Between the European Quarter and the Old Town, you can find the Royal Palace and Parc de Bruxelles. We visited the Coudenberg, an ancient basement beneath the palace. To the North of Parc de Bruxelles, a small park that is good for relaxing, you can find the Belgian Parliament.
To the southwest of the city center, in Upper Town, you can find the Marolles quarters with the huge, impressive but decadent Palace of Justice (under renovation) at Place Polaert where you have amazing views of the Lower Town. The square is also the beginning of the exclusive shopping road Avenue de Louise, and Place Louise. Along the road Rue de Régence you can find the small but beautiful park and square Petit-Sablon, as well as the gothic church with the same name.
To the North you can find the financial district with the majority of Brussels skyscrapers. In the Northern outskirts, you can find the impressive landmark Atomium with its futuristic architecture from the 1958 world exhibition, that we also visited inside. Next to Atomium is Mini-Europe, a theme park with miniatures of buildings in EU countries.

MY EXPERIENCE

We visited Brussels for 3 days as a part of a 5 day tour to Belgium and a one day visit to the Graspop rock festival. We arrived at the large Brussels Airport.
Despite the lack of water and a lot of grey EU buildings, I liked Brussels a lot as a tourist attraction; the mix of old buildings and futuristic buildings, the beautiful squares, parks, the magnificent food and drinks and the large number of rare museums make this city unique!
The weather was mixed -grey and sunny, and some heavy showers also occured. Grey weather is very common in Belgium, even summertime.
During our visit in June 2014, World Football Championship was going on, so the streets and pubs were really lively. As a contrast to that, the streets were almost empty on Saturday and Sunday during our visit.
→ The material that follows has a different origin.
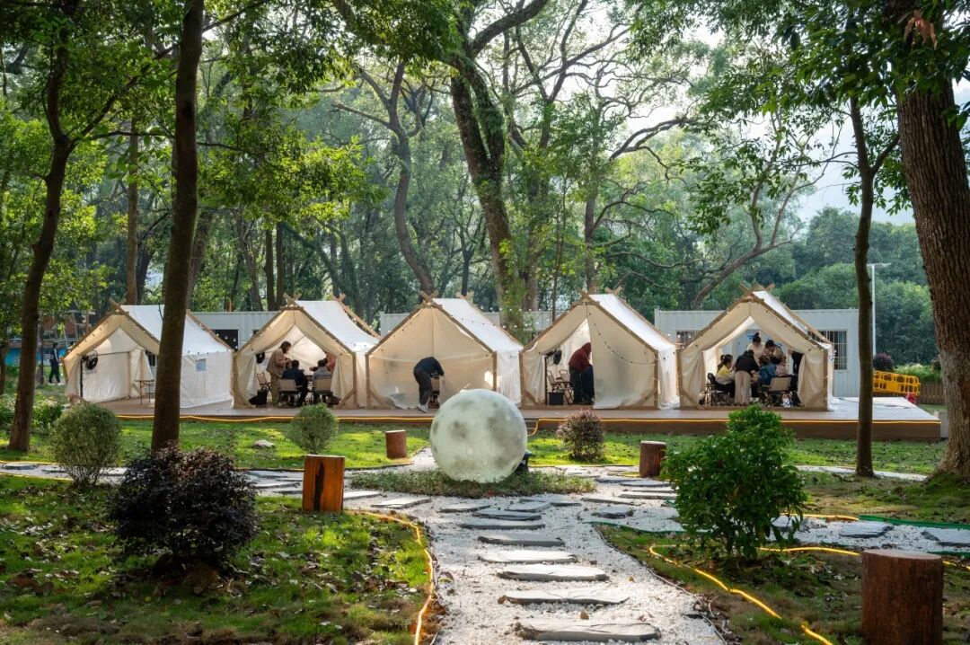 踏入园区,樟香便盈满衣袖,“森藏BLUE青年营地”的树屋咖啡飘来醇香,露营帐篷散落林间,像是大自然搭建的松弛剧场。

It was a bit grey and rainy and we were not in the old town these days, but still strange to see so less people outdoors in central Brussels, especially since this is common weather in Belgium.
The infrastructure of Brussels is good. The city has metro, trams and buses. The trams are modern but we didn’t use it since the city center is very pedestrian friendly and we needed the metro to get to the outskirts. The metro system is working good but a bit worn; the underground trains are not very modern and some stations look really bohemic with no escalators. Brussels have several train stations, the central station is not the largest.
Food in Belgium is really good, the meatballs are really tasty for example, and you can find food from Belgian restaurants as well as international kitchen (Italian, Asian, Spanish, French etc). Belgium is also famous for its beer, waffles and chocolate that is in top class, and of course we tried it!
Traffic can be really harsh during rush hours, since there are many cars –Belgium is not by far as bike friendly as the Netherlands- and the streets are really small, so you often see cars stucked in the middle of an intersection. At one occasion, we watched about 10 incident that nearly lead to accidents in just a few minutes! Even if the traffic can be aggressive, motorists generally stop for pedestrians.
It felt pretty safe to walk around in central Brussels, even after dark. The only problems we had were with some Romanian beggars that tried to fool tourists. Don’t let them make you sing anything, it’s just a scam!
We stayed at the 4 star Renaissance Brussels Hotel at the Rue du Parnasse in the European Quarter, right next to the huge EU Parliament. The location is about 15 minutes walk to the Old town, and even closer to the Royal Palace. The hotel is a modern 7-storey building with elegant but a bit impersonal interior. It has 262 rooms and is part of the Marriott/Renaissance chain. The room was really large and nice with a large flatscreen TV, a large king size bed and a long corridor. It was furnished in earth colours and had views over a small street. The staff were very friendly, but the breakfast is really expensive (25 euro and 15 euro with discount) so it is hardly worth the money, and they made a mistake to charge to much, that was corrected later after many e-mails. But for the hotel over all we got really good value for money. The hotel has a bar, a Starbucks, a restaurant, a gym and a pool in the basement.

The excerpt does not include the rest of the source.